While some would hesitate to classify the wave of independent documentary in China beginning in the early 1990s as a cohesive movement, as the films of China’s documentarians like Wu Wenguang and Duan Jinchuan began to gather momentum and name recognition in film circles both domestically and abroad, it soon became clear to young filmmakers that one could make films without big budgets, crews, and official approval. These independent documentarians were not the first to relish an apparent amateur status and produce unofficial films on shoestring budgets. With DV cameras, filmmakers could penetrate previously unexplored social spaces, documenting China during stages of monumental transformation in raw, spontaneous and provocative ways.

The lived realities of daily experience thus became central to DV documentary production in China. Much like the boundless possibilities opened up to the filmmakers of the French New Wave and Italian Neo-realist movements with the arrival of more portable film technologies and synchronized sound, DV cameras in China allowed filmmakers to transform the people with whom they engaged daily into the subjects of documentary films. For Huang Weikai’s first documentary project, Floating (Piao, 2005), he chose a drifter street musician, Yang Jiwei, as his subject. The film intimately documents the daily life of Yang as he performs in the subterranean spaces of Guangzhou’s pedestrian underpasses, and as he deals with the turbulent circumstances of his romantic life. Huang’s subjective gaze, and his position as both participant and observer in the social world of his subject, offer the audience a look into the lives of individuals who occupy the floating spaces of Guangzhou’s periphery.

Floating, 2005. Still from a DV film, 93 min.

In the opening scenes of Floating, Yang Jiwei and his fellow street performers lay on sheets of newspaper strewn about on the grass of a public park. In a familiar turn of events, the cops have confiscated their guitars. In the following scene, we see the musicians opening the guitar cases that have since been recovered from the police. Yang’s blue acoustic guitar has been smashed, its neck severed completely from the body of the instrument. An intertitle offers the timestamp “January 2003,” and Huang brings the audience into the transient space of a pedestrian underpass. A young girl, presumably a migrant from the countryside, plays violin before an opened instrument case. Huang’s camera is fixed one meter from the ground, capturing the young girl in a long shot as hordes of people drift anonymously in and out of the camera’s field of view. We then cut to a shot of Yang and his musician friend perched on a ledge near the entrance to the underpass. His friend remarks: “That girl is diligent,” alluding to the competition the performers face each day as they work to stake out their terrain in the austere tiled spaces of the underpass.

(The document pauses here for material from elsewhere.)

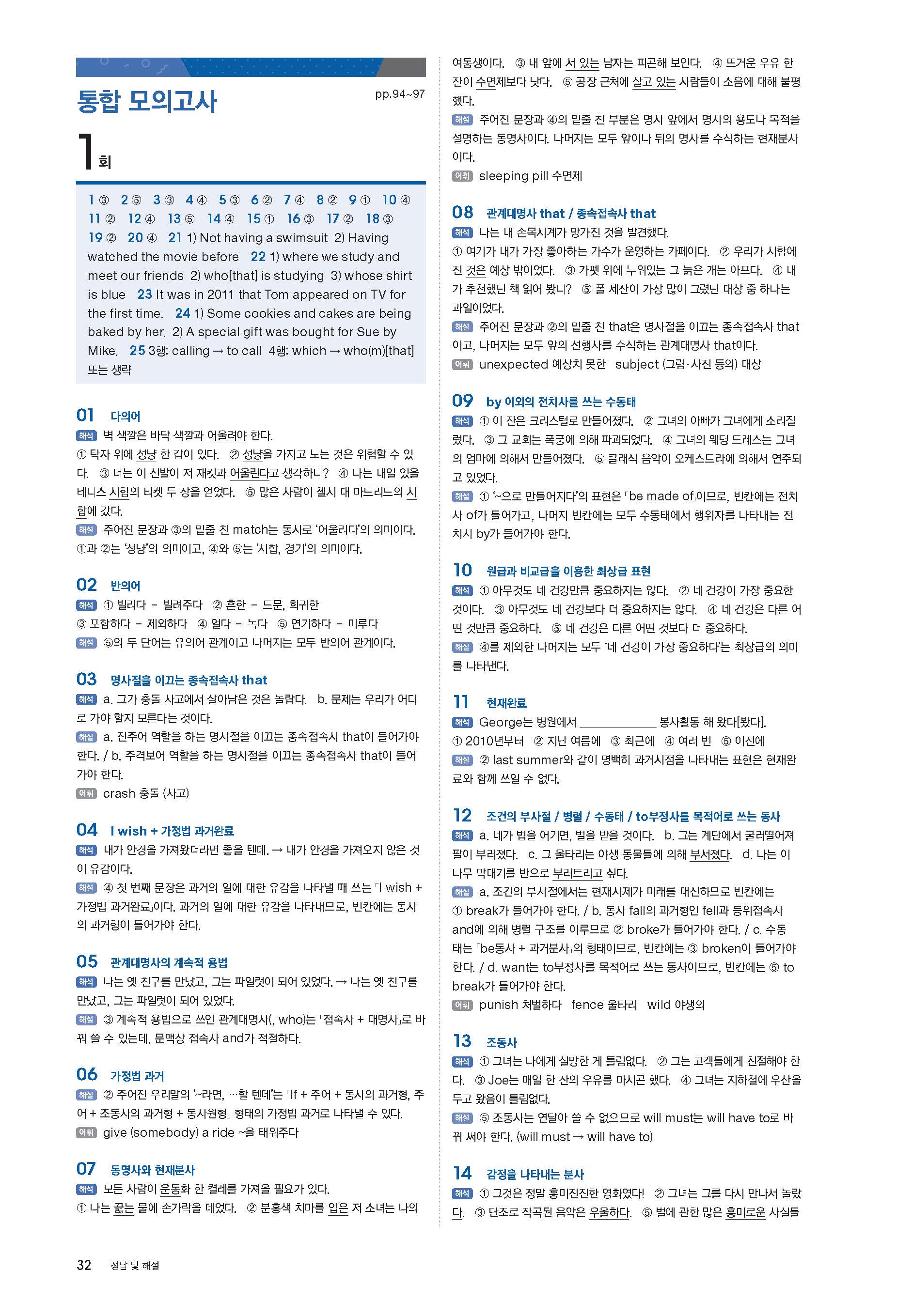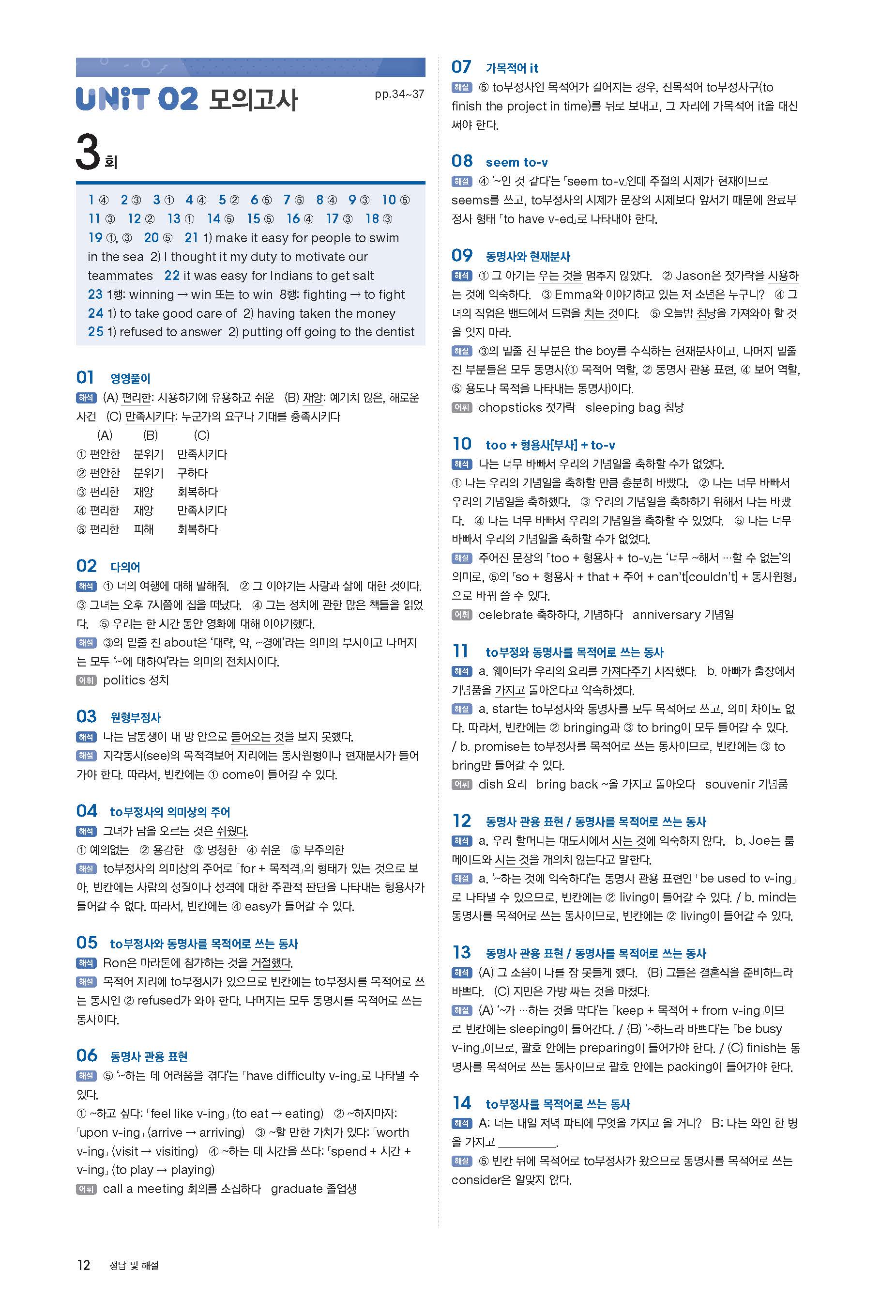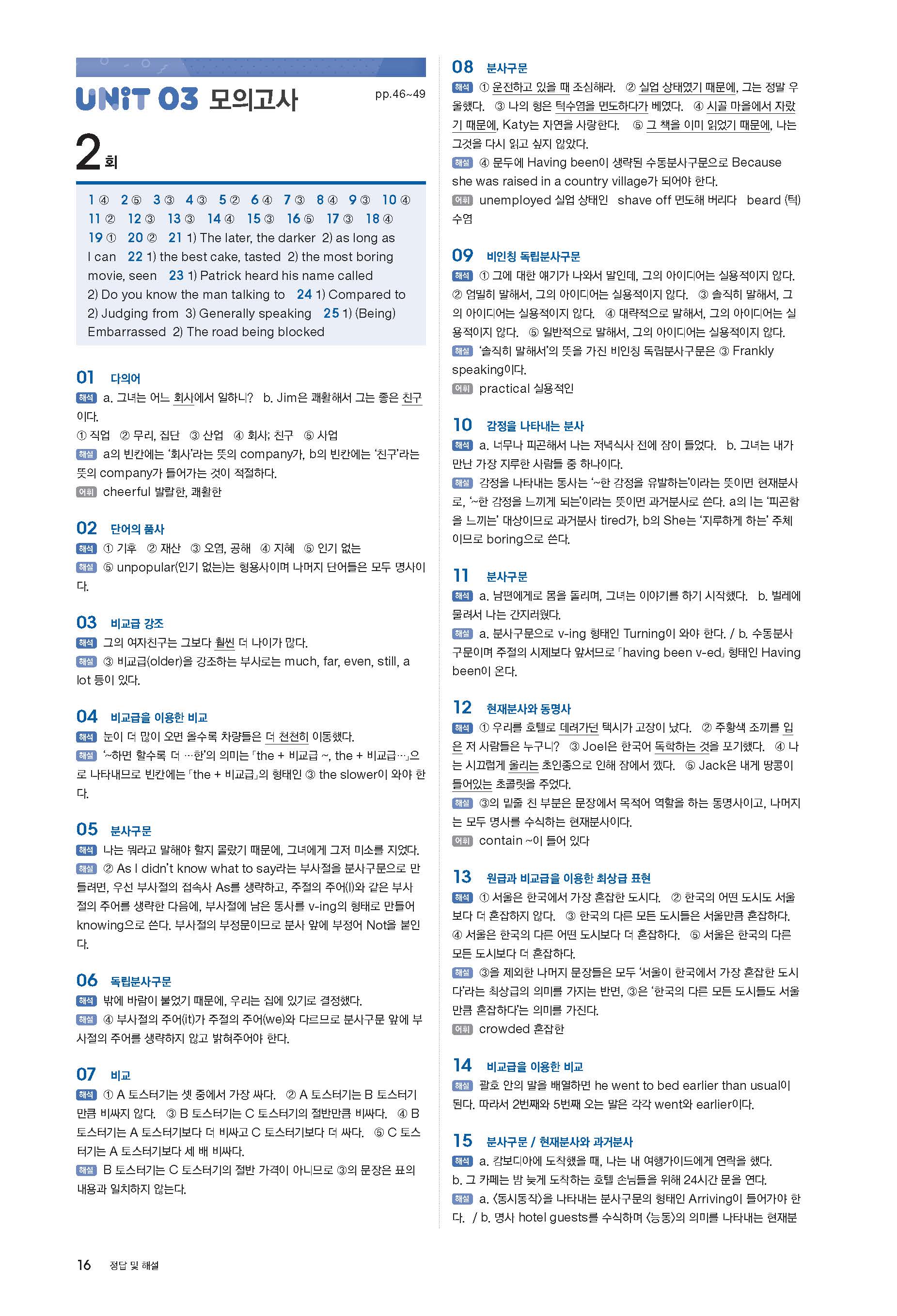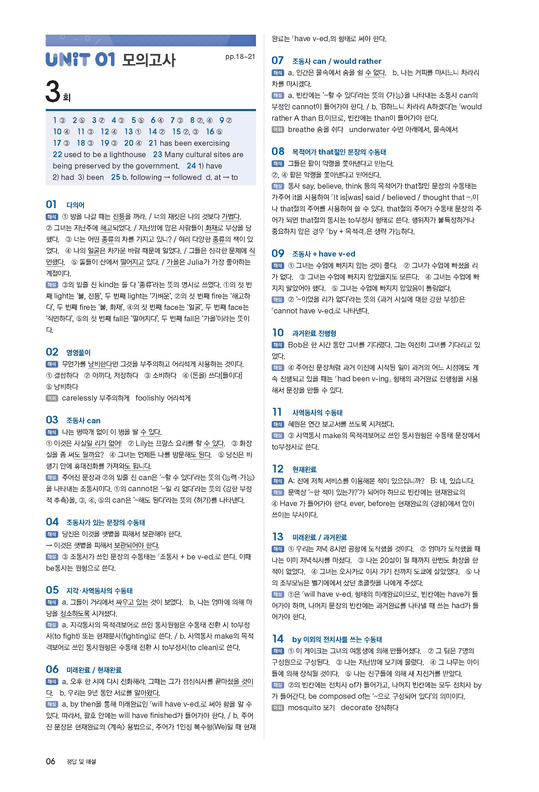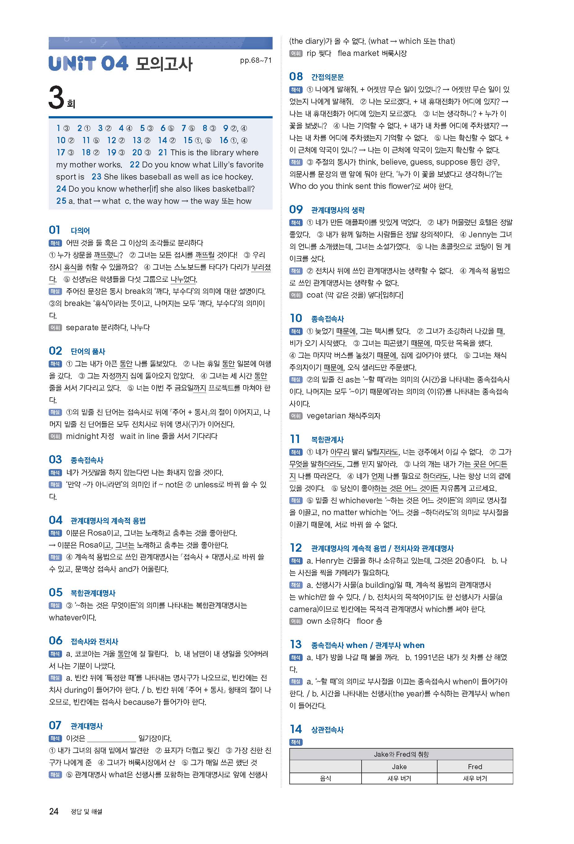 중학문법 총정리 모의고사 3학년 사진답지 빠른답지 모바일최적화

Huang frames the documentary’s narrative arc through a reverse-chronological editing structure, playing with temporality as he represents Yang Jiwei’s life as a street performer. The story begins in January 2003 and subsequently moves backward in time to December 2002, November 2002, October 2002 and further. Strands of Yang’s story surface gradually, acquiring greater clarity as the film unfolds and Huang unearths the turbulent past of Yang and his ex-girlfriend, Peach. With this backward-moving narrative direction, the pieces of Yang’s past slowly return to haunt. Huang’s deft editing style pieces together fragments of Yang’s damaging break-up with Peach, who is alluded to in the earlier chapters of the film (January 2003, December 2002), but does not emerge on screen until the narrative is rewound to the September 2002 chapter, a scene in which Huang plays both observer (documenting the unstable reality of the scene as it unfolds) and participant (being present as Yang’s friend in a tragic circumstances) during Peach’s attempted suicide. Huang is also present for intimate moments between Yang and his more recent girlfriend, including a solemn scene after she has undergone an abortion.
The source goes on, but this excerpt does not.